When we (or others) answer research questions, it’s important to provide information about how we collected our evidence. Since gathering evidence is an involved process, this information is often found in large parts of the method section labeled “materials” or “procedure”. For example, the procedures reported in my own paper take up three, single-spaced pages (Vangsness et al., 2022)! Here are just 5 of the things I considered when collecting my evidence:
using questions from researcher-validated surveys;
presenting the surveys, and the questions within them, in a random order;
including special survey questions to make sure participants were paying attention;
allowing people to respond on the same 1-7 scale so I could compare responses across surveys; and
evenly administering surveys over a 16-week period so that many different people could respond.
Empirical Evidence
As you can see, there are many factors to consider when collecting evidence! In fact, there are entire research methods classes dedicated to teaching people how to go about it. We don’t have space to go into all those details; for now, it’s enough to know that empirical evidence is both generalizable and takes steps to reduce measurement error.
As you can imagine, empirical evidence is harder to obtain than anecdotal evidence. For one, it is time-consuming to gather information from people besides just ourselves and those we know. It can also be costly - both in time and money - because we need to be very careful in how we gather that information. Despite these drawbacks, empirical methods are the best way to ensure that the evidence we collect can answer questions about other people.
Continue the Journey
Want to test your knowledge of the topics featured in this article? Take our five-question quiz!

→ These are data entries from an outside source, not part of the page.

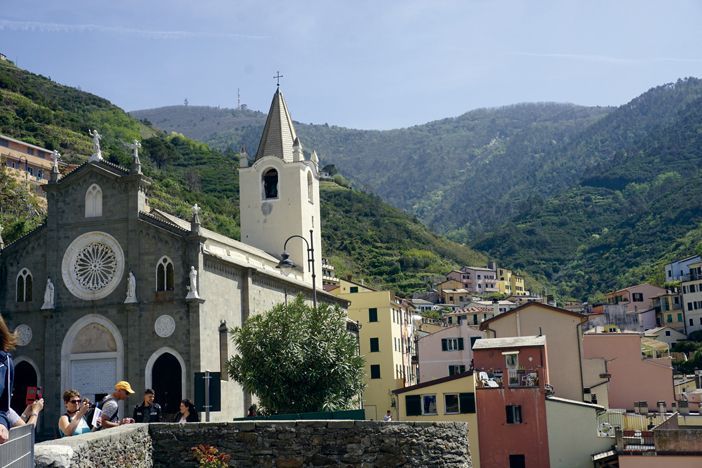 De nuevo las construcciones se sitúan en la falda de la colina rodeada de olivos y viñedos. Recorriendo sus estrechas y adoquinadas calles, algunas terminan en los acantilados. En las lomas se aprecian numerosos senderos que nos ofrecen un panorama asombroso. En la plaza visitamos la Iglesia de Santa Caterina y la Parroquia de San Pedro y de nuevo, Corniglia nos invitó a perdernos a descubrir espacios recónditos y solitarios.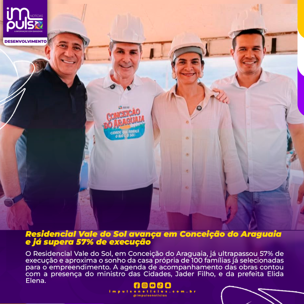O Residencial Vale do Sol, em Conceição do Araguaia, já ultrapassou 57% de execução e aproxima o sonho da casa própria de 100 famílias já selecionadas para o empreendimento. A agenda de acompanhamento das obras contou com a presença do ministro das Cidades, Jader Filho, e da prefeita Elida Elena.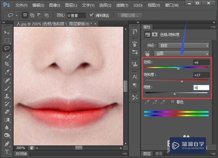 接下来,我们就在右边的属性栏调节色相和饱和度即可,嘴唇就修饰好了。
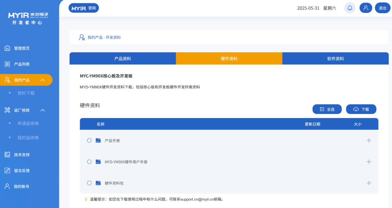 而且还有工业级版本可选,米尔的稳定性和做工都还是不错的,最近我发现米尔的开发板资料获取也更简单了,在他们的网站上注册账号绑定SN和PN码可以直接下载所有资料,比较方便。比之前方便不少。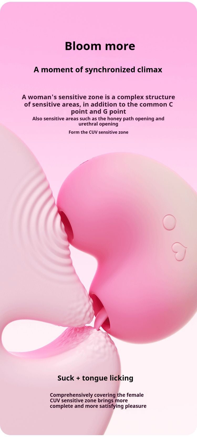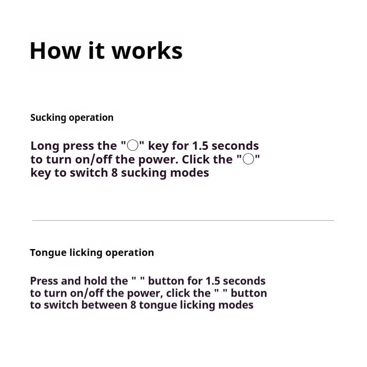 【 Product Features 】-8 Sucking modes, 8 tongue licking modes. The two thrilling stimuli of sucking and tongue touch simultaneously serve to stir your passion and take you soaring to the clouds. Single-point play can stimulate point C by using the sucking mouth or tongue licking mouth. The sucking and licking dual-play rule can use the sucking mouth and the tongue licking mouth to cover the entire CUV area from point C to the honey passage opening to stimulate the entire CUV area.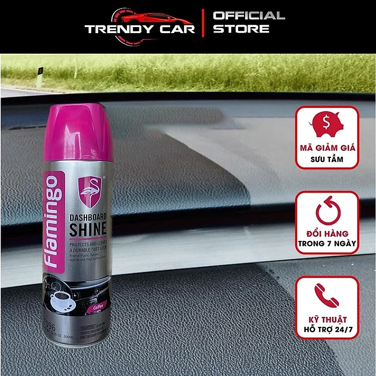 Bình xịt dưỡng bóng nội thất và đồ da ô tô hương cafe - Flamingo F096 500ml - Vệ sinh Nội thất ô tô Trendy Car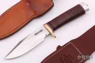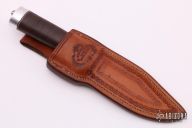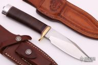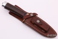 This Sergeant's Special by Randall Made Knife features a satin finished blade with sharpened top edge and a notched thumbrest, .201" blade stock and 1.301" blade depth, hidden tang construction. The handle has a brass guard and duralumin butt with stacked leather grip, red/white/blue spacers. Comes with a brown leather sheath and a custom hand tooled brown leather sheath. Also comes with a Randall Knife Pin. Has been used, has scuffs and scratches, otherwise good condition.

Want to support more blog posts, practice questions, and featured content? Buy me a coffee.
For what it’s worth… (1) yes, this was a great choice; (2) we decided to incorporate vegetarian meals because we like them, health benefits aside; and (3) we are currently enjoying The Turning Point: The Cold War.
Fun facts for the next time you’re at trivia: women tend to under-report while men tend to over-report their weight (Johannson et al., 1998). Additionally, women who are underweight over-report and those who are overweight tend to under-report (Lin et al., 2012).